Doc Digitization: Converts bodily paperwork into editable and searchable digital codecs.
Bill Scanning: Extracts particulars like quantities, dates, and vendor names for automated processing.
Information Entry Automation: Hastens workflows by extracting textual content from types and receipts.
Actual-Time Translation: Interprets overseas textual content from photos or video streams in augmented actuality.
License Plate Recognition: Identifies automobiles in site visitors methods and parking administration.
Accessibility Instruments: Converts textual content to speech for visually impaired people.
Archiving and Preservation: Digitizes historic paperwork for storage and analysis.

On this submit, we take OCR a step additional by constructing a customized OCR mannequin for recognizing textual content within the Wingdings font—a symbolic font with distinctive characters usually utilized in artistic and technical contexts. Whereas conventional OCR fashions are skilled for traditional textual content, this practice mannequin bridges the hole for area of interest functions, unlocking potentialities for translating symbolic textual content into readable English, whether or not for accessibility, design, or archival functions. By way of this, we exhibit the ability of OCR to adapt and cater to specialised use circumstances within the trendy world.

For builders and managers trying to streamline doc workflows corresponding to OCR extraction and past, instruments just like the Nanonets PDF AI provide precious integration choices. Coupled with state-of-the-art LLM capabilities, these can considerably improve your workflows, guaranteeing environment friendly information dealing with. Moreover, instruments like Nanonets’ PDF Summarizer can additional automate processes by summarizing prolonged paperwork.

Is There a Want for Customized OCR within the Age of Imaginative and prescient-Language Fashions?

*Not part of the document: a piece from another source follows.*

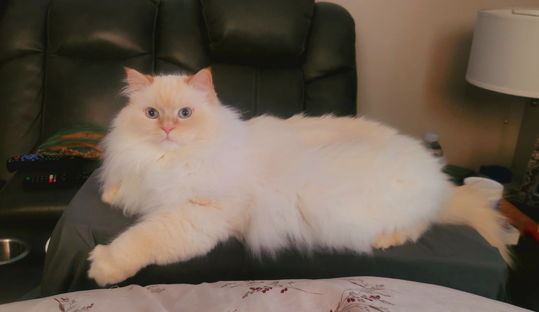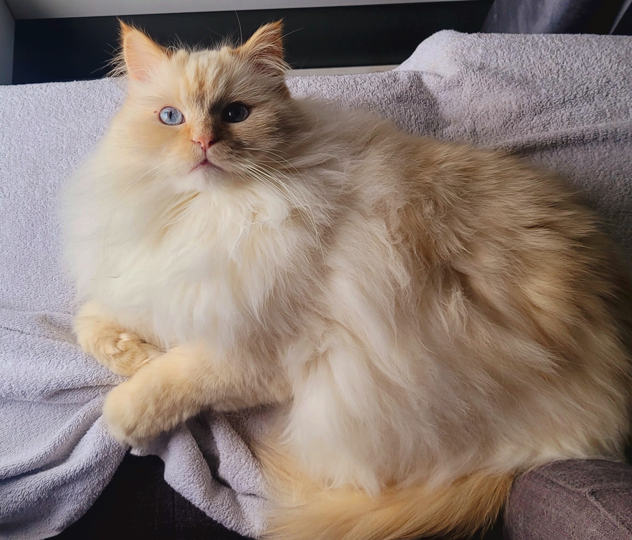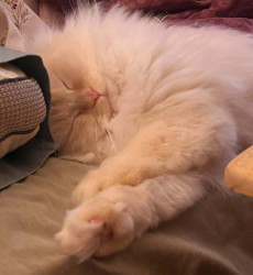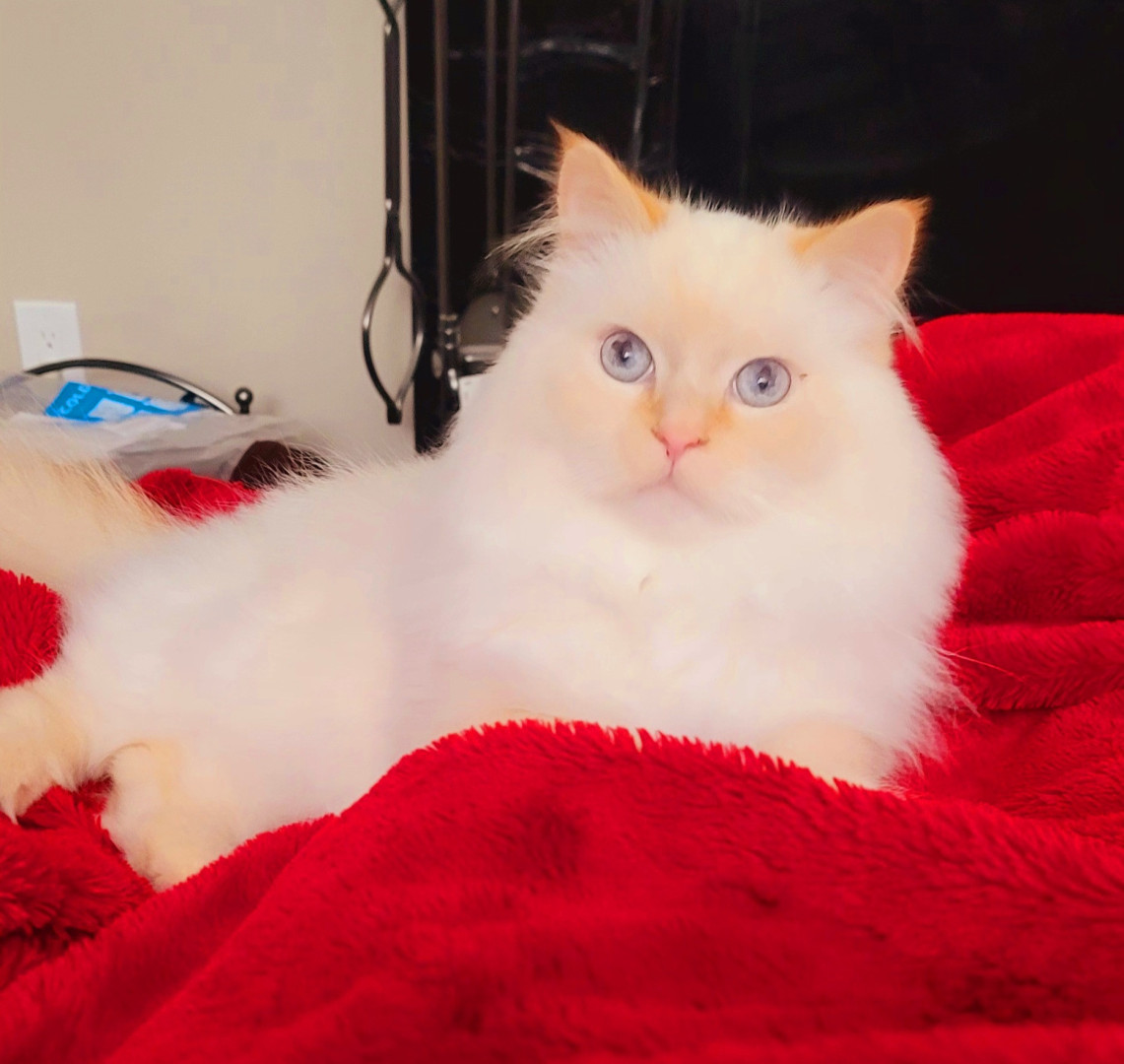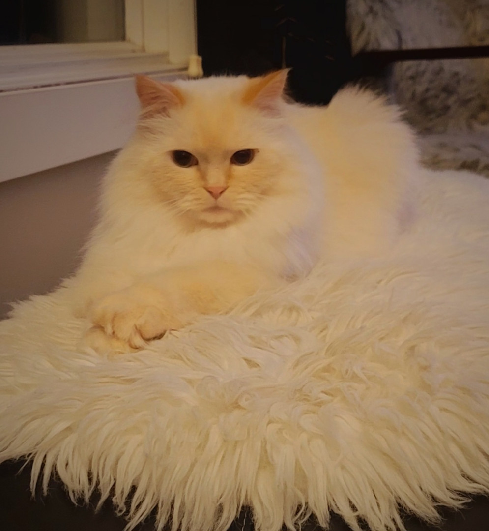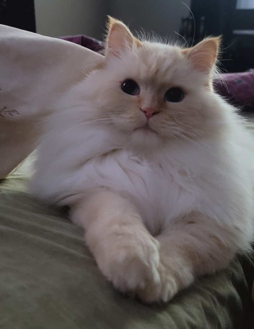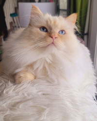 Tolkien is a 4yr doll face Himalayan. He is such a funny cuddly kitty , loves his daily brushes and of course his treats.
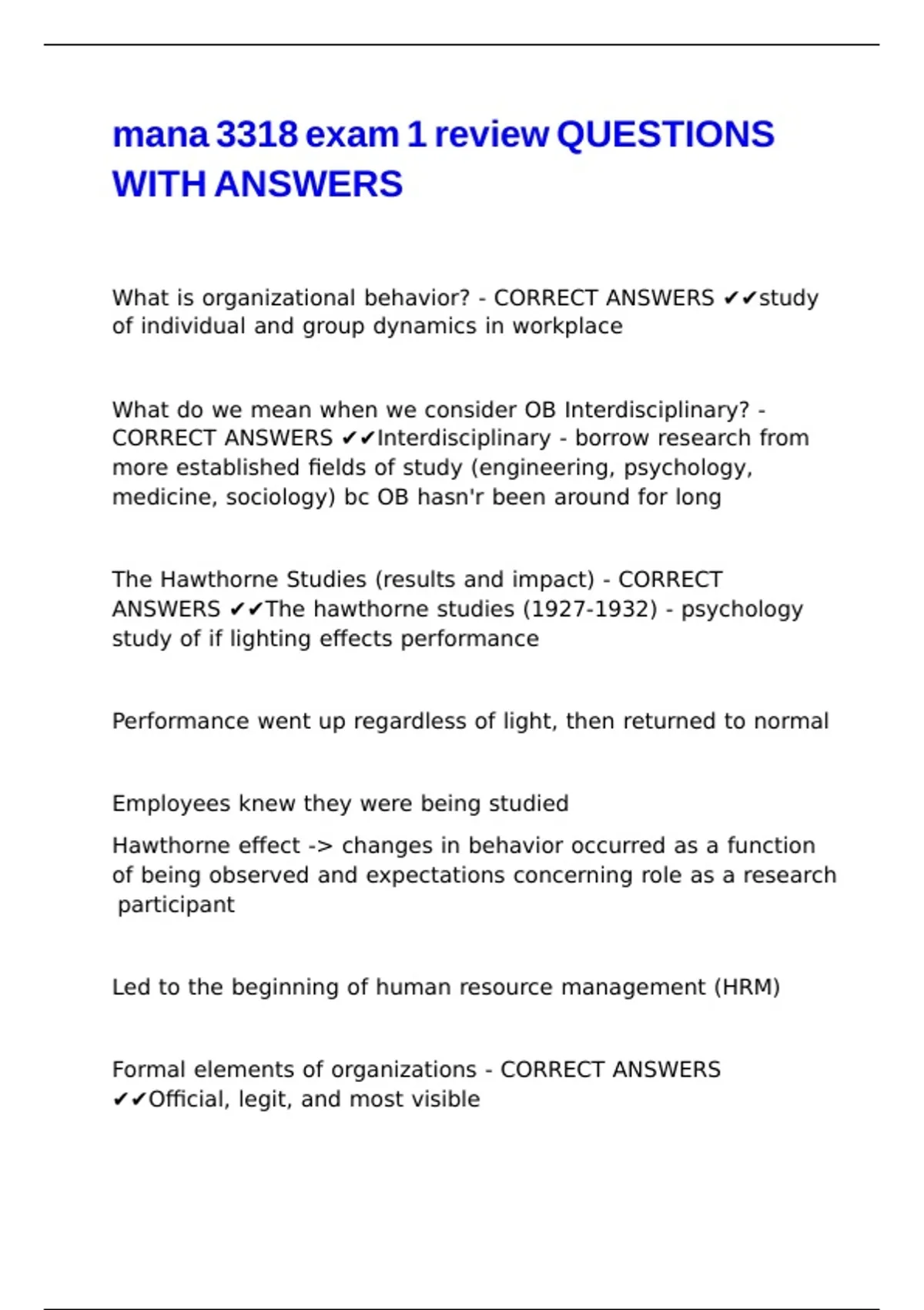 ANSWERS ✔✔The hawthorne studies (1927-1932) - psychology

Imaginative and prescient-language fashions, corresponding to Flamingo, Qwen2-VL, have revolutionized how machines perceive photos and textual content by bridging the hole between the 2 modalities. They’ll course of and cause about photos and related textual content in a extra generalized method.

Regardless of their spectacular capabilities, there stays a necessity for customized OCR methods in particular situations, primarily attributable to:

Accuracy for Particular Languages or Scripts: Many vision-language fashions concentrate on widely-used languages. Customized OCR can tackle low-resource or regional languages, together with Indic scripts, calligraphy, or underrepresented dialects.
Light-weight and Useful resource-Constrained Environments: Customized OCR fashions might be optimized for edge units with restricted computational energy, corresponding to embedded methods or cellular functions. Imaginative and prescient-language fashions, in distinction, are sometimes too resource-intensive for such use circumstances. For real-time or high-volume functions, corresponding to bill processing or automated doc evaluation, customized OCR options might be tailor-made for pace and accuracy.
Information Privateness and Safety: Sure industries, corresponding to healthcare or finance, require OCR options that function offline or inside non-public infrastructures to satisfy strict information privateness laws. Customized OCR ensures compliance, whereas cloud-based vision-language fashions would possibly introduce safety issues.
Price-Effectiveness: Deploying and fine-tuning large vision-language fashions might be cost-prohibitive for small-scale companies or particular initiatives. Customized OCR could be a extra reasonably priced and targeted different.

Construct a Customized OCR Mannequin for Wingdings

To discover the potential of customized OCR methods, we are going to construct an OCR engine particularly for the Wingdings font.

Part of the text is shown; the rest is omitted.